Govt urged to promote domestic tourism

GOVERNMENT has been urged to promote domestic tourism through a number of innovative initiatives, including concessionary support measures to low-wage earners.

BY MTHANDAZO NYONI

Speaking during the Professionals Business Association of Zimbabwe (Probaz) breakfast meeting held in Bulawayo on Tuesday, a researcher and economic analyst Butler Tambo said tourism was a low-hanging fruit which government could easily harness.

“There are simple industries that we have in Zimbabwe which we hold in abundance here, especially in the Matabeleland region. Tourism; what are we doing about tourism? Those in government will agree with me, year in year out government has been struggling to pay for bonuses,” Tambo said.

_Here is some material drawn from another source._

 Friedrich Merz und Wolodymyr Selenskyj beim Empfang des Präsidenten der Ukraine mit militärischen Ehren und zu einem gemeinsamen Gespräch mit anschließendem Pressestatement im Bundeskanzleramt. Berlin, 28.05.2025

“How about as tourism industry; you sit down with government (and come up with tourism package). Right now, if I would to ask all of you here, I wouldn’t be shocked that some people have not gone to the Victoria Falls,” he said.

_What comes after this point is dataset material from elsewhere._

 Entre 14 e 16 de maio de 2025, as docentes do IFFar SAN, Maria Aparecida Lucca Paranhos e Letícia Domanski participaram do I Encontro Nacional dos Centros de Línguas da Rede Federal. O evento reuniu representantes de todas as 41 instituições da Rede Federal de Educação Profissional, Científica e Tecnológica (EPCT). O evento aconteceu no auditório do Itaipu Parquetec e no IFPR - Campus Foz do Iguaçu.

Tambo said most people in Zimbabwe were more familiar about tourism destinations of other countries compared to theirs.

“For instance, they know Durban more than Victoria Falls.

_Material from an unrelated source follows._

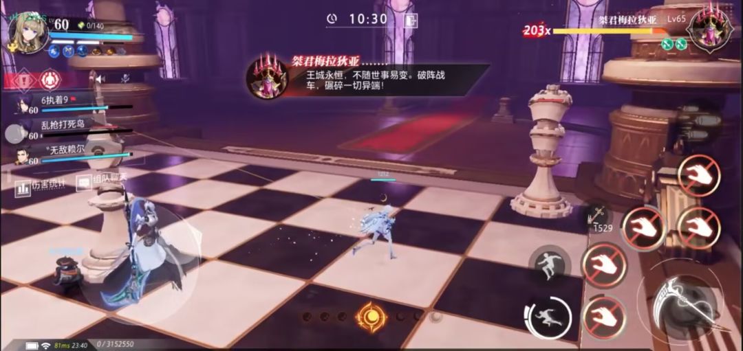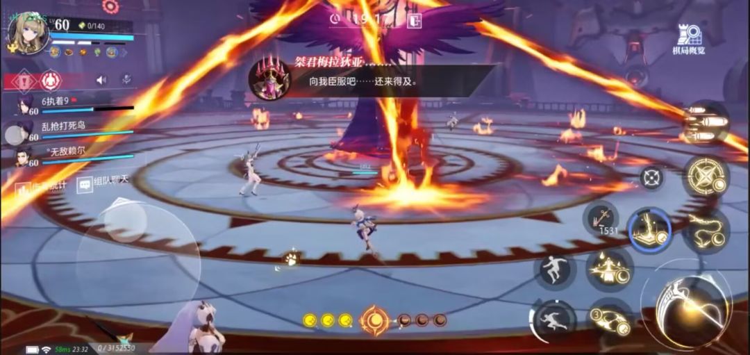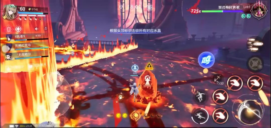 机制3 大招(火):同时释放激光(机制1)和火墙,并轮流对六个区域中的三个区域进行地板灼烧(可用滞空规避伤害),对全场玩家释放机制2并朝固定位置放置与玩家图标相同的水晶(血量比机制2更高),所有玩家需要打破自己对应图标的水晶,机制持续时间30秒,如果有玩家未击破自己的水晶将释放团灭技能。注意事项:1.低战力玩家(4.4w)需要使用终结技和觉醒技才能击爆水晶,可外加宠物技能;高战力玩家释放一次觉醒技即可。2.如果不会长时间滞空规避伤害的玩家可以站在场地中间根据火墙的升降进行跳跃到外部区域,当可以前往一个区域的火墙降到最低时那片区域是不会产生灼烧地板的,人马和主教棋子会固定出现在外围(不相邻),战车和士兵棋子会固定出现在中间区域的两侧,只需要等待激光技结束后再等待自己的水晶所在区域灼烧结束后击破即可。特别注意中间地板的灼烧会在技能释放15秒后解除,持战车和士兵的玩家过后再去击破即可。3.如果自身觉醒技能处于冷却状态可以选择跳如火焰进行自杀来复活刷新技能打爆自己的水晶,否则会导致团灭。4.紧急措施:如果队友在该阶段失误可以使用紧急措施,使用挑飞加二段跳跳至高空处,可以吃到自己差不多残血的状态的伤害规避死亡。

“My point is, we might talk about tourism, but tourism should not be about a foreigner coming to Zimbabwe to see the Victoria Falls. Tourism can be about me and my family going to Dlodlo ruins. But how do we do it?” he said.

“Those in the civil service, if government can be sat down with you hoteliers, with you in the tourism sector and say; ‘government, why don’t you create holiday packages’?”

“For instance, if someone is earning $400, I believe at the end of the year government generally gives a 13th cheque, which is another $400, but if we say that ‘government, instead of giving this person $400, how about if we give tourism coupons of $400 equivalent” Tambo said.

He said government would then pay tourism industry players using treasury bills.


“The hotel industry, you have got those seasons which are off pick, for instance, how about, it becomes that period where you would say ‘we will accommodate civil servants and they will redeem those tourism coupons of $400 for that particular year,’?” he said.

Tambo said those not willing to use the coupon for holidaying; could redeem and sell them to non-civil servants with need for them.

“That way, you will then promote domestic tourism. Let our people know Dlodlo ruins, let our people be able to know Khami ruins….Wouldn’t that guarantee revenue to the tourism industry? Those are initiatives, which we don’t think are difficult to make,” Tambo said.

Government is currently engaging tourism players with a possibility of reducing charges of hotel accommodation and other associated activities to make them affordable to locals as the drive to promote domestic tourism intensifies.

Tourism is one of the key economic drivers and the new political administration is leaving no stone unturned to make sure the sector attracts more visitors and investors.